<<<<

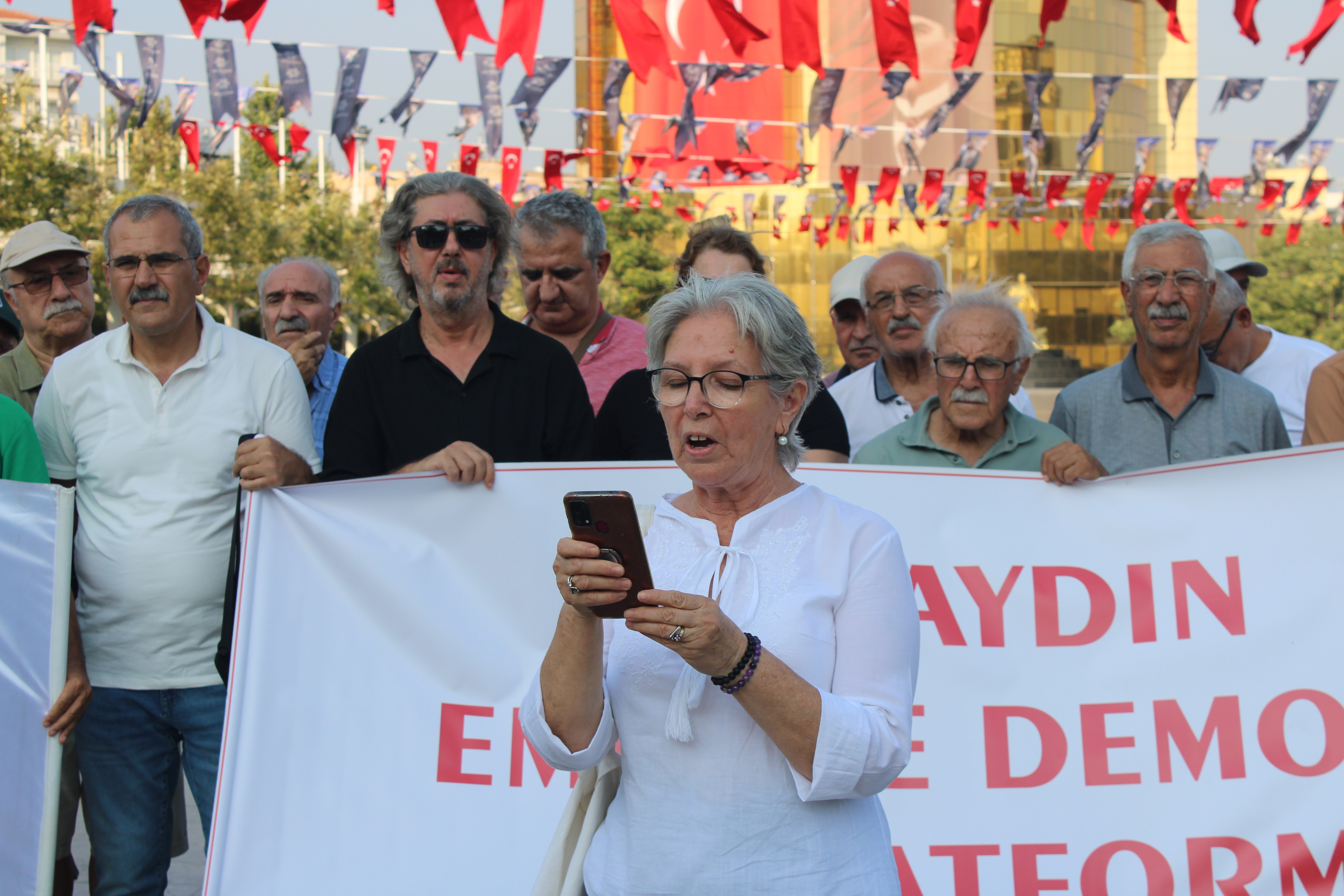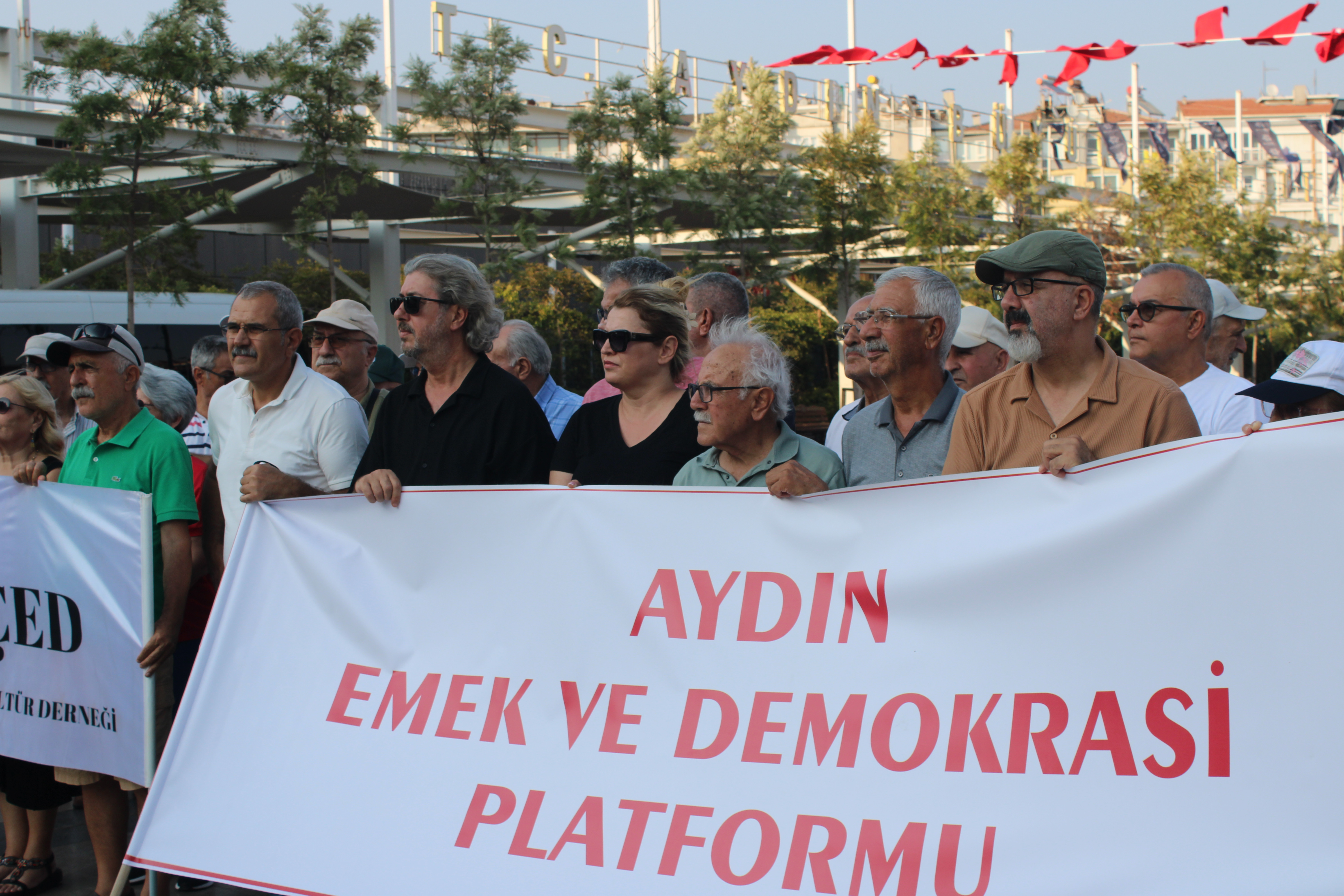 Aydın Emek ve Demokrasi Platformu adına AYÇED Yönetim Kurulu Üyesi Hatice Şahin, Atatürk Kent Meydanı’nda STK temsilcileriyle birlikte basın açıklaması yaptı.
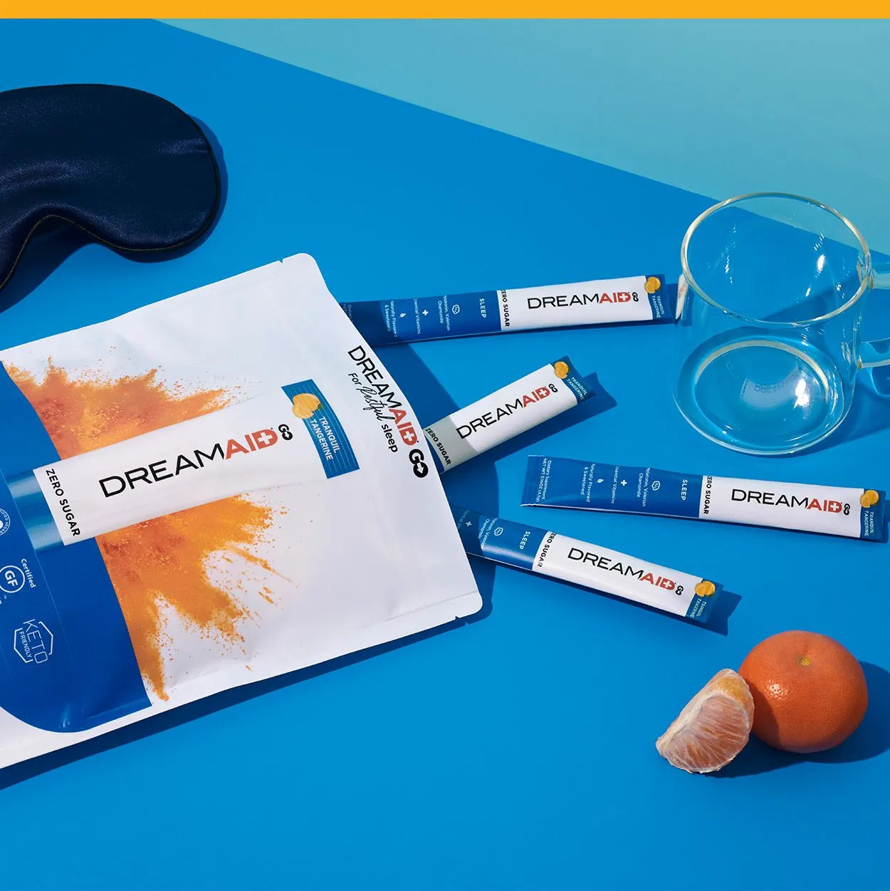 A soothing blend made with melatonin and chamomile, DREAMAID GO is a naturally sweetened, zero sugar way to unwind and relax before calling it a night. Just add water and enjoy either hot or cold.
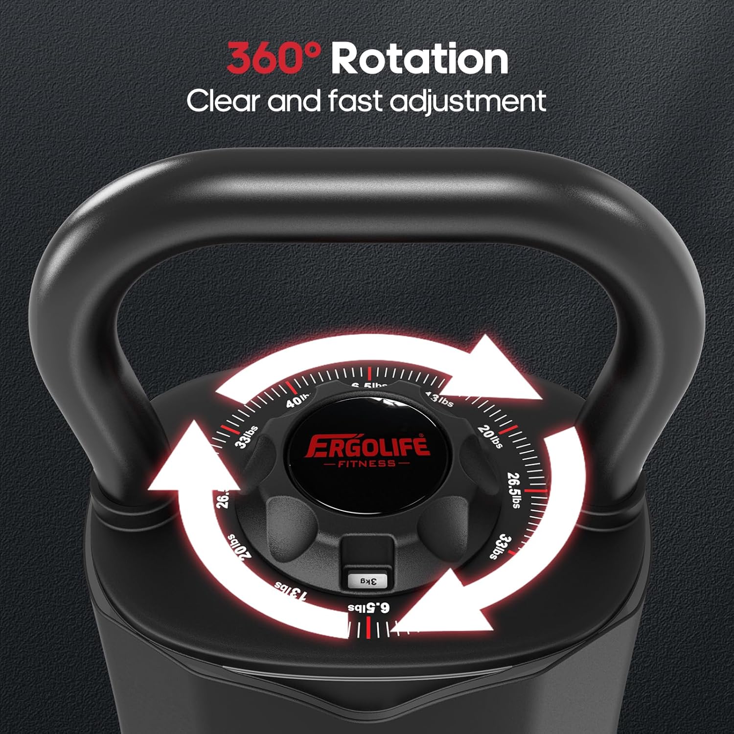 360° Quick-Adjust Dial for Instant Changes:Smooth, precise, and effortless — just twist the 360° dial to switch between weights in seconds. No pins, no plates to swap, just a quick turn to match your workout intensity

>>>>

## WHAT YOU HAVE TO DO
Could you transcribe the material above exactly, keeping every picture out?

## OUTPUT OF THE TASK
 Aydın Emek ve Demokrasi Platformu adına AYÇED Yönetim Kurulu Üyesi Hatice Şahin, Atatürk Kent Meydanı’nda STK temsilcileriyle birlikte basın açıklaması yaptı.
 A soothing blend made with melatonin and chamomile, DREAMAID GO is a naturally sweetened, zero sugar way to unwind and relax before calling it a night. Just add water and enjoy either hot or cold.
 360° Quick-Adjust Dial for Instant Changes:Smooth, precise, and effortless — just twist the 360° dial to switch between weights in seconds. No pins, no plates to swap, just a quick turn to match your workout intensity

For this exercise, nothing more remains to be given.